DependencyTypePurpose
libfido2 >= 1.13System C libraryCTAP2 HID/NFC/BLE transport
libfido2-devSystem packageBuild-time headers and pkg-config
Rust crate: libfido2 or ctap-hid-fido2Cargo dependencySafe Rust bindings
udev rule or plugdev groupSystem configUser access to /dev/hidraw* devices

Threat Model Considerations

  • Deterministic KEK. The HMAC-secret output is deterministic for a given (credential, salt) pair. Changing the vault salt invalidates the KEK; re-enrollment is required after re-keying.
  • Loss recovery. If the authenticator is lost or destroyed, the enrollment blob is useless. Recovery requires another enrolled factor (password, SSH agent, etc.).
  • Clone resistance. Depends on the authenticator hardware. Devices with a secure element (YubiKey 5, SoloKeys v2) resist cloning. Software-only CTAP2 implementations (e.g., libfido2 soft token) provide no clone resistance.

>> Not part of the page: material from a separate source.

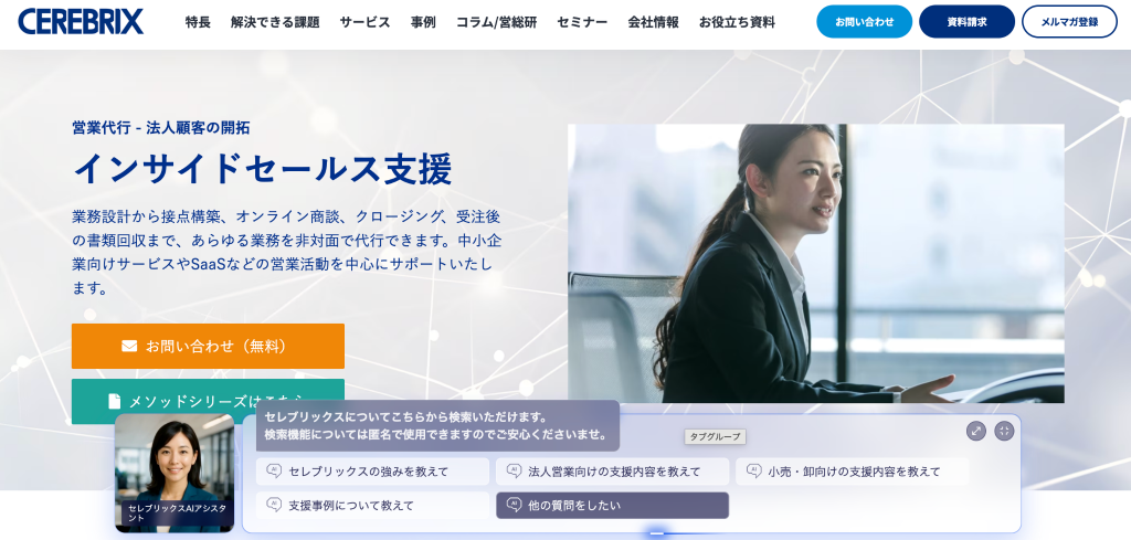 株式会社セレブリックスは、営業支援・コンサルティング領域で長年の実績を持つ企業です。法人・新規開拓領域で最大級となる1,200社・12,000サービス以上の支援実績があります。

  • PIN brute-force. CTAP2 authenticators implement per-device PIN retry counters with lockout. This is enforced by the authenticator firmware, not by Open Sesame.
  • Relay attacks. An attacker with network access to the USB HID device could relay CTAP2 messages. Physical proximity verification is delegated to the authenticator’s UP mechanism.